● WHAT THIS TASK INVOLVES:
Exactly the lines below from the one with "Seit Sommer 2023" up to and including the one with "从慢镜头来看,刘诚宇一肘打在" make up the answer, with nothing else added.

[Stored records]
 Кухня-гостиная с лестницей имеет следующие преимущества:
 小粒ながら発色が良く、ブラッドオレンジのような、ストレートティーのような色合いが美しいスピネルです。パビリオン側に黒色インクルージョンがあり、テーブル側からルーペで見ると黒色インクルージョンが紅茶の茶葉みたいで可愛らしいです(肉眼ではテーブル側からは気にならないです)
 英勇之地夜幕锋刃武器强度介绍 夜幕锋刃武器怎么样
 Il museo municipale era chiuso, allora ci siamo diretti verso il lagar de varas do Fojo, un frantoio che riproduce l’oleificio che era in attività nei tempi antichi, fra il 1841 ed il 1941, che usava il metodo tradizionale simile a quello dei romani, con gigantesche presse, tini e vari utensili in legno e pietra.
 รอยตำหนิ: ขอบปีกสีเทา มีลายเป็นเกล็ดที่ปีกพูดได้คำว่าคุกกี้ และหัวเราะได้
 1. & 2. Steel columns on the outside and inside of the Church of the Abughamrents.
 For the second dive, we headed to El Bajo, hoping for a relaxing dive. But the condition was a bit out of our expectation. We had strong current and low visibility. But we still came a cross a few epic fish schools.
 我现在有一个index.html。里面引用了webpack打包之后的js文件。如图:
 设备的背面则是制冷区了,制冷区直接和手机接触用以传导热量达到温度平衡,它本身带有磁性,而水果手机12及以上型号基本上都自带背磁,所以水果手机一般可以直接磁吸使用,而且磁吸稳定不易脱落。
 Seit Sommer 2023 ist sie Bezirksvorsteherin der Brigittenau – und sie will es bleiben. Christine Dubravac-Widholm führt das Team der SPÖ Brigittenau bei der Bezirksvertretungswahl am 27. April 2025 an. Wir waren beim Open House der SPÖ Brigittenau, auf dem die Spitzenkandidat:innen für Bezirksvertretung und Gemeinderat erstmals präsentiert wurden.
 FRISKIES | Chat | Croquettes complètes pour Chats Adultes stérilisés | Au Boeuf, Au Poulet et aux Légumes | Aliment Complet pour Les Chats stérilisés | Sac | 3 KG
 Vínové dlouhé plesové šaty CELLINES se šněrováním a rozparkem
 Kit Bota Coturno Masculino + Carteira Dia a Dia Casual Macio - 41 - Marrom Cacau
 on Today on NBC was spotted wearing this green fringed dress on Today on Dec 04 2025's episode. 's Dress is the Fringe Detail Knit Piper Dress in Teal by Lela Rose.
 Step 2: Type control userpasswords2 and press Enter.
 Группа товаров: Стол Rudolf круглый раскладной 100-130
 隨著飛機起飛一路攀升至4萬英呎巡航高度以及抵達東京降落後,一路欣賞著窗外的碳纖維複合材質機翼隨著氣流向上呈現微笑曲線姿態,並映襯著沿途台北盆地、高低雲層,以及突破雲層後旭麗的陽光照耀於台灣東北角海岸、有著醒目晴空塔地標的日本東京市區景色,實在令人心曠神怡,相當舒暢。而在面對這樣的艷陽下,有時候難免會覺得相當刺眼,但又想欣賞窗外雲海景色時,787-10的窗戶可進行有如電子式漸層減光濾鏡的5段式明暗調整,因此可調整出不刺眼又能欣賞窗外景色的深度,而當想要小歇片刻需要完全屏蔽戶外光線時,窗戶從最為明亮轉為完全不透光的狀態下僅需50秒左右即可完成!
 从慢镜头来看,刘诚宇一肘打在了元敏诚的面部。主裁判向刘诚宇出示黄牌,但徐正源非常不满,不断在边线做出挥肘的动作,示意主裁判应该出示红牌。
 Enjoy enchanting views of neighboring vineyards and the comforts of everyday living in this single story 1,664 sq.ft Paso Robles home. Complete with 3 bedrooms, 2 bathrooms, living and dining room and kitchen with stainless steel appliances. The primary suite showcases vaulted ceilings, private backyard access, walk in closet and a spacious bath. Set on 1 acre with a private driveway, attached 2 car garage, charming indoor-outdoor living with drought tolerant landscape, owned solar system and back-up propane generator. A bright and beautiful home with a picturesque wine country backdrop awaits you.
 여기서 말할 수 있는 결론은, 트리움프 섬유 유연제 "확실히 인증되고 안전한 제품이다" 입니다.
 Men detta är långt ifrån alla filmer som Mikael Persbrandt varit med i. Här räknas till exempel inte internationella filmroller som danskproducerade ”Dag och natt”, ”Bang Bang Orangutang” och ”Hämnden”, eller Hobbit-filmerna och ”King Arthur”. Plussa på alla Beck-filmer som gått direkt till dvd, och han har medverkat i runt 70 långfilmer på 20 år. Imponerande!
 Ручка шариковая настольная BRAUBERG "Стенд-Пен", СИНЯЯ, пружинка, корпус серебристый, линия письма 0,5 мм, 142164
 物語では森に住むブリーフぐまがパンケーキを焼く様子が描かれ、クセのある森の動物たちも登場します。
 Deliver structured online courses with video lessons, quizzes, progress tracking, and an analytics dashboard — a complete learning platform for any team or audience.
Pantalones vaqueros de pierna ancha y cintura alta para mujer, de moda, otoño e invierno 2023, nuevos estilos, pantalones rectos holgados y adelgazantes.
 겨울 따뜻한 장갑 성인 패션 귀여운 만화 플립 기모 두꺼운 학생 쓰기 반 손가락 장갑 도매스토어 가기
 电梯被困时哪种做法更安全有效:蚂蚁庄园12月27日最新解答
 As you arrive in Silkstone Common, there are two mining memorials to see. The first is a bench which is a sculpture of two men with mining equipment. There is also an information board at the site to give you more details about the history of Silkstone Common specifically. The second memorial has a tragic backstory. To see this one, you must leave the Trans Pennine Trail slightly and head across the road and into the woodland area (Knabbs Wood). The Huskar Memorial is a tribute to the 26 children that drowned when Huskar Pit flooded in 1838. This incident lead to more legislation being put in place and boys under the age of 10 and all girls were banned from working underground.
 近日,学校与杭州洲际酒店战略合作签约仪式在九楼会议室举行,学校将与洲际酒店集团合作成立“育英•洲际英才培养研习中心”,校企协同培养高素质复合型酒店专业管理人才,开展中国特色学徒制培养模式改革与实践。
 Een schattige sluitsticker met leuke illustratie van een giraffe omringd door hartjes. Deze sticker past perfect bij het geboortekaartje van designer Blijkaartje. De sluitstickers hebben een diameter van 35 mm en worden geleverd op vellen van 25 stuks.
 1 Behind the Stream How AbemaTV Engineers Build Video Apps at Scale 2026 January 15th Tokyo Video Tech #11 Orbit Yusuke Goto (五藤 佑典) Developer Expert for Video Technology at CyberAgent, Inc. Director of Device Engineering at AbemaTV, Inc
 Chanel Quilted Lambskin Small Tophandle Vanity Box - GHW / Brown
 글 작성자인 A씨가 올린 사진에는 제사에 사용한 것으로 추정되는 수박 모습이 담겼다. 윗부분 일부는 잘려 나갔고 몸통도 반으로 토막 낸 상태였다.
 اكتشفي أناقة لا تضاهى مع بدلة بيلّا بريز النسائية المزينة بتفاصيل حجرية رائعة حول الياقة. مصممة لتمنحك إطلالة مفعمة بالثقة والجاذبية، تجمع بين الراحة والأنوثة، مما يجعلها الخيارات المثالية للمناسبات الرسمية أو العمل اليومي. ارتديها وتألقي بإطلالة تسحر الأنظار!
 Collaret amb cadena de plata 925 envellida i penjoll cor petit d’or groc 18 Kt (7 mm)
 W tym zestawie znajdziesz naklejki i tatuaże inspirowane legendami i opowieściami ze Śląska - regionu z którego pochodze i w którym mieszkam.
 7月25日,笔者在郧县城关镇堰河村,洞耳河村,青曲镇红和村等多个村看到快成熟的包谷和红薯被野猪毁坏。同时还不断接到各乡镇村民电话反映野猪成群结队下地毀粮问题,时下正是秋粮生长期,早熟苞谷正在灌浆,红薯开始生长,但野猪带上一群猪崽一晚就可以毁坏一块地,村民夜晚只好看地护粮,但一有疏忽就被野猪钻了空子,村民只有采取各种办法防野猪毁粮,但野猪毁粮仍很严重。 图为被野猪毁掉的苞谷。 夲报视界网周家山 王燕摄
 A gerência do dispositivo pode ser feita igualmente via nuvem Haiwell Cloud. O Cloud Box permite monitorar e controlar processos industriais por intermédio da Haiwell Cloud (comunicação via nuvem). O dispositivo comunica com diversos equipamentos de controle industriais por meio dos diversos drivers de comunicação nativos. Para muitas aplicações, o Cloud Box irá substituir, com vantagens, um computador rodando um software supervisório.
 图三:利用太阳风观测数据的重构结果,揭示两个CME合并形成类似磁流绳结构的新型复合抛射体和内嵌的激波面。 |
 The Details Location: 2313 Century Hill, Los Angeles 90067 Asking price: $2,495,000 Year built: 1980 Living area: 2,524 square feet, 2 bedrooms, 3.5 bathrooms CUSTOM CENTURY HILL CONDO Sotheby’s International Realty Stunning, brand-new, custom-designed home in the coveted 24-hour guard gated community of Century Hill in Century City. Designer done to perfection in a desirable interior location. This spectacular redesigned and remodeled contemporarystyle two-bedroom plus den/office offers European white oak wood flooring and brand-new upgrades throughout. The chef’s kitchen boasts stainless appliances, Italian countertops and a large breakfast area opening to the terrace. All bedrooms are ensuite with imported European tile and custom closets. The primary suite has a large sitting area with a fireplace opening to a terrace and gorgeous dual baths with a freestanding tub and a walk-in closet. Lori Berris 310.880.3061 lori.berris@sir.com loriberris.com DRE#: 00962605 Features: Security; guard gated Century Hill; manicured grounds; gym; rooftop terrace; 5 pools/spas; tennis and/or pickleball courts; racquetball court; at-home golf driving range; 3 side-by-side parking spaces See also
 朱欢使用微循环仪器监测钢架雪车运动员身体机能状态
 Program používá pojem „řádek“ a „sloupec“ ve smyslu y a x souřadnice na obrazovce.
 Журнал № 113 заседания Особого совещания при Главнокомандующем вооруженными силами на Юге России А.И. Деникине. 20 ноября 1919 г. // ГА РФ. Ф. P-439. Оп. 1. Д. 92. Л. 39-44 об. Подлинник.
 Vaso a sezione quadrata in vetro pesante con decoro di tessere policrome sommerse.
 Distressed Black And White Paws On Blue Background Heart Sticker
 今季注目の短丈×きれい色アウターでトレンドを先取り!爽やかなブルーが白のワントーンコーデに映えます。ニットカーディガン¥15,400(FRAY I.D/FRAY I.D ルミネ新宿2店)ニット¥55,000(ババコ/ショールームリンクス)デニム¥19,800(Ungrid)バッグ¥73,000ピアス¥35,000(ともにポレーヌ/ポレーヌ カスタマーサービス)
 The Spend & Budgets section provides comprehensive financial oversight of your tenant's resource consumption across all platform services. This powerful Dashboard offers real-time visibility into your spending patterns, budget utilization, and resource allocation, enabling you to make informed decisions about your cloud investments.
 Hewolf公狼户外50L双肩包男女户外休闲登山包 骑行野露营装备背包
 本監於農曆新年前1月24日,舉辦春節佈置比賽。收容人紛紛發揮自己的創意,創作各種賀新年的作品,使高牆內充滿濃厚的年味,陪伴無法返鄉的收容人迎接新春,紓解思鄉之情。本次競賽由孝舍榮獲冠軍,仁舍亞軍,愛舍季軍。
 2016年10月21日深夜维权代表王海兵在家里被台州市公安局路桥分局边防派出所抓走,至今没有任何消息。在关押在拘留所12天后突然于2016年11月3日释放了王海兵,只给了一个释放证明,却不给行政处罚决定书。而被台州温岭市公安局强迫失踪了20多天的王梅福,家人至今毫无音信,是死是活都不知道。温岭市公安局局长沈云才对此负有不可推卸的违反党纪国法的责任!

● TASK SOLUTION:
 Seit Sommer 2023 ist sie Bezirksvorsteherin der Brigittenau – und sie will es bleiben. Christine Dubravac-Widholm führt das Team der SPÖ Brigittenau bei der Bezirksvertretungswahl am 27. April 2025 an. Wir waren beim Open House der SPÖ Brigittenau, auf dem die Spitzenkandidat:innen für Bezirksvertretung und Gemeinderat erstmals präsentiert wurden.
 FRISKIES | Chat | Croquettes complètes pour Chats Adultes stérilisés | Au Boeuf, Au Poulet et aux Légumes | Aliment Complet pour Les Chats stérilisés | Sac | 3 KG
 Vínové dlouhé plesové šaty CELLINES se šněrováním a rozparkem
 Kit Bota Coturno Masculino + Carteira Dia a Dia Casual Macio - 41 - Marrom Cacau
 on Today on NBC was spotted wearing this green fringed dress on Today on Dec 04 2025's episode. 's Dress is the Fringe Detail Knit Piper Dress in Teal by Lela Rose.
 Step 2: Type control userpasswords2 and press Enter.
 Группа товаров: Стол Rudolf круглый раскладной 100-130
 隨著飛機起飛一路攀升至4萬英呎巡航高度以及抵達東京降落後,一路欣賞著窗外的碳纖維複合材質機翼隨著氣流向上呈現微笑曲線姿態,並映襯著沿途台北盆地、高低雲層,以及突破雲層後旭麗的陽光照耀於台灣東北角海岸、有著醒目晴空塔地標的日本東京市區景色,實在令人心曠神怡,相當舒暢。而在面對這樣的艷陽下,有時候難免會覺得相當刺眼,但又想欣賞窗外雲海景色時,787-10的窗戶可進行有如電子式漸層減光濾鏡的5段式明暗調整,因此可調整出不刺眼又能欣賞窗外景色的深度,而當想要小歇片刻需要完全屏蔽戶外光線時,窗戶從最為明亮轉為完全不透光的狀態下僅需50秒左右即可完成!
 从慢镜头来看,刘诚宇一肘打在了元敏诚的面部。主裁判向刘诚宇出示黄牌,但徐正源非常不满,不断在边线做出挥肘的动作,示意主裁判应该出示红牌。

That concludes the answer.